Leaving out each picture, transcribe the lines of the listing below exactly from the first through the line that contains "Paglalarawan ng Content: a".

» **Data shown**:

┄┄┄┄┄┄

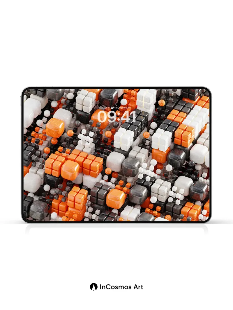 Futuristic Mosaic Wallpaper with Glowing Cubes
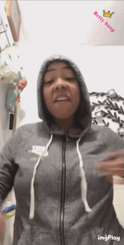 Paglalarawan ng Content: a woman wearing a grey nike hoodie with a crown on it
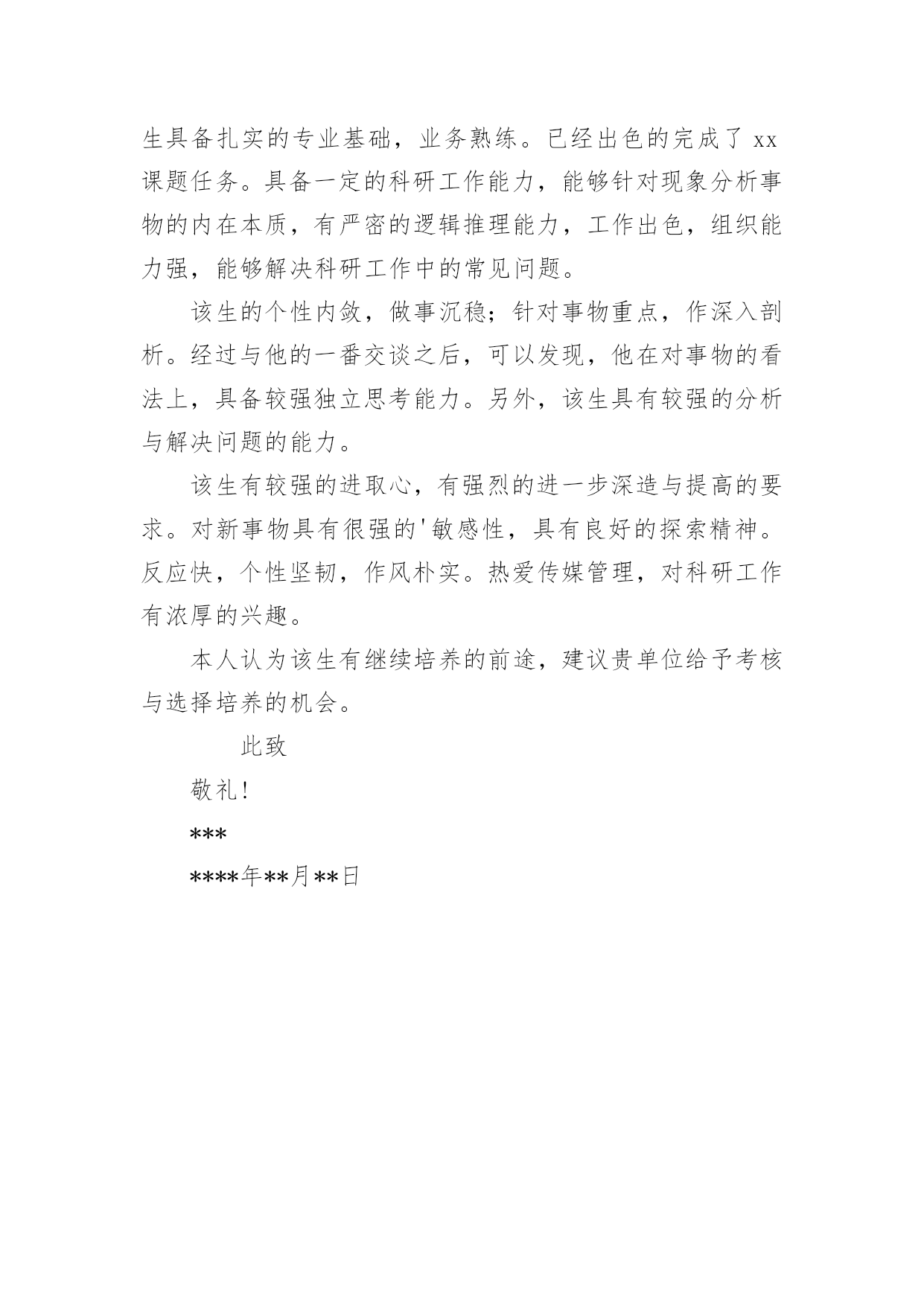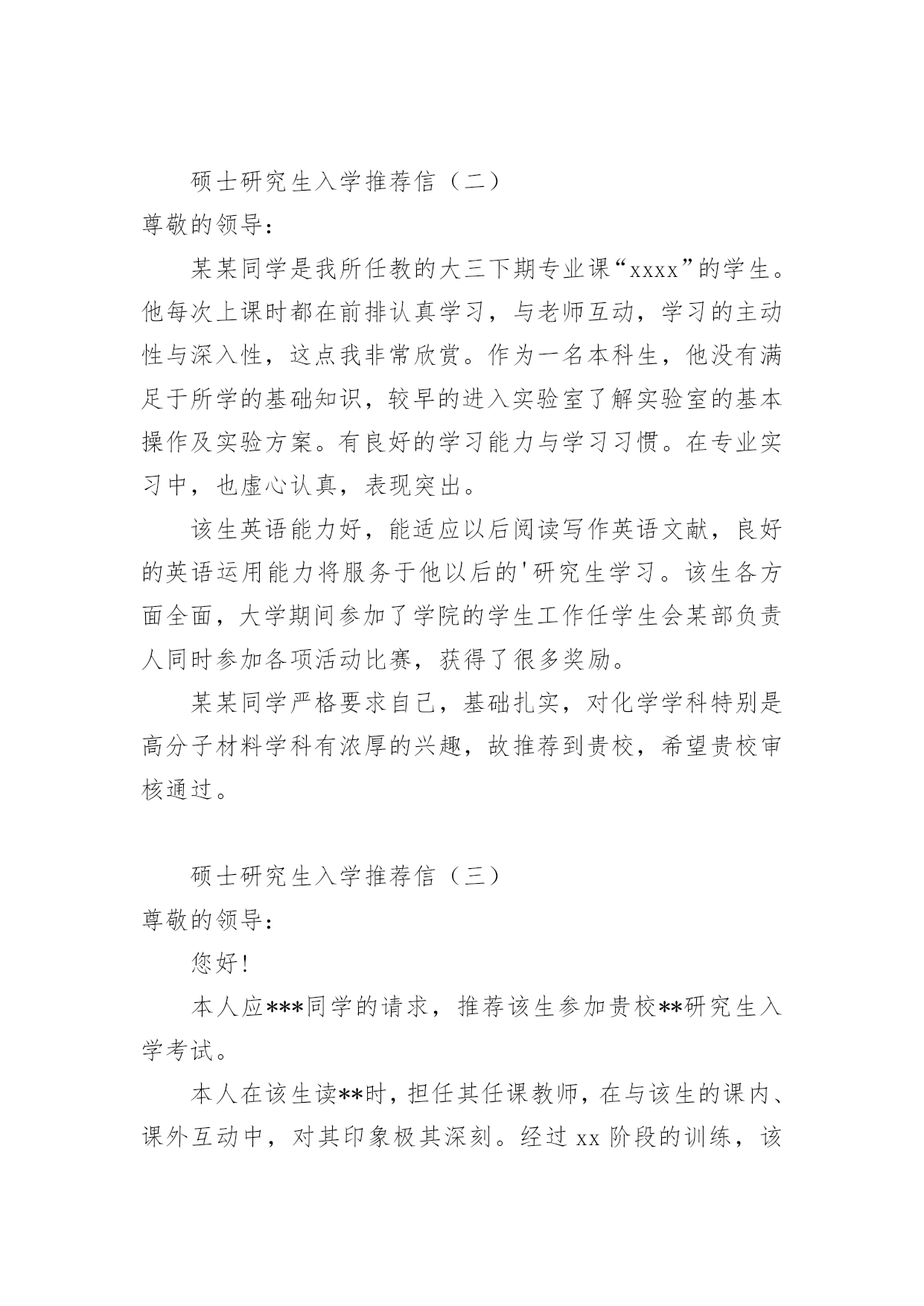 硕士研究生入学信硕士研究生入学推荐信模板导语:推荐信是一个人为推荐另一个人去接受某个职位或参与某项工作或事物而写的信件,是一种应用写作文体。下面是由小编整理的关于硕士研究生入学推荐信模板。欢迎阅读!硕士研究生入学推荐信(一)尊敬的领导:本人应**同学请求,推荐该生到**大学进行研究生阶段的学习。本人是该生在**大学本科生阶段的系主任,曾指导该生参加第十届“挑战杯”大学生课外学术科技作品竞赛。在指导该生创作作品的过程中,可以发现,该生做事刻苦勤奋,认真负责,有极强的`责任心;思维活跃,能运用现有知识,并查阅相关文献来解决研究中出现的问题;总结分析能力与文字表达能力极强,工作能力十分出色。在个人品质方面,该生谦虚礼貌,坚定执着,在困难面前不轻言放弃,而且善于沟通交流,乐于助人,能与团队中不同年级、不同背景的同学进行良好高效地沟通与合作。经过近一年的了解,可以看出,该生对科研有一定兴趣,并逐渐获得了科研的素质与能力,故推荐到贵校,望审核通过。硕士研究生入学推荐信(二)尊敬的领导:某某同学是我所任教的大三下期专业课“xxxx”的学生。他每次上课时都在前排认真学习,与老师互动,学习的主动性与深入性,这点我非常欣赏。作为一名本科生,他没有满足于所学的基础知识,较早的进入实验室了解实验室的基本操作及实验方案。有良好的学习能力与学习习惯。在专业实习中,也虚心认真,表现突出。该生英语能力好,能适应以后阅读写作英语文献,良好的英语运用能力将服务于他以后的'研究生学习。该生各方面全面,大学期间参加了学院的学生工作任学生会某部负责人同时参加各项活动比赛,获得了很多奖励。某某同学严格要求自己,基础扎实,对化学学科特别是高分子材料学科有浓厚的兴趣,故推荐到贵校,希望贵校审核通过。硕士研究生入学推荐信(三)尊敬的领导:您好!本人应***同学的请求,推荐该生参加贵校**研究生入学考试。本人在该生读**时,担任其任课教师,在与该生的课内、课外互动中,对其印象极其深刻。经过xx阶段的训练,该生具备扎实的专业基础,业务熟练。已经出色的完成了xx课题任务。具备一定的科研工作能力,能够针对现象分析事物的内在本质,有严密的逻辑推理能力,工作出色,组织能力强,能够解决科研工作中的常见问题。该生的个性内敛,做事沉稳;针对事物重点,作深入剖析。经过与他的一番交谈之后,可以发现,他在对事物的看法上,具备较强独立思考能力。另外,该生具有较强的分析与解决问题的能力。该生有较强的进取心,有强烈的进一步深造与提高的要求。对新事物具有很强的'敏感性,具有良好的探索精神。反应快,个性坚韧,作风朴实。热爱传媒管理,对科研工作有浓厚的兴趣。本人认为该生有继续培养的前途,建议贵单位给予考核与选择培养的机会。此致敬礼!*******年**月**日

┄┄┄┄┄┄

» **Response box**:
 Futuristic Mosaic Wallpaper with Glowing Cubes
 Paglalarawan ng Content: a woman wearing a grey nike hoodie with a crown on it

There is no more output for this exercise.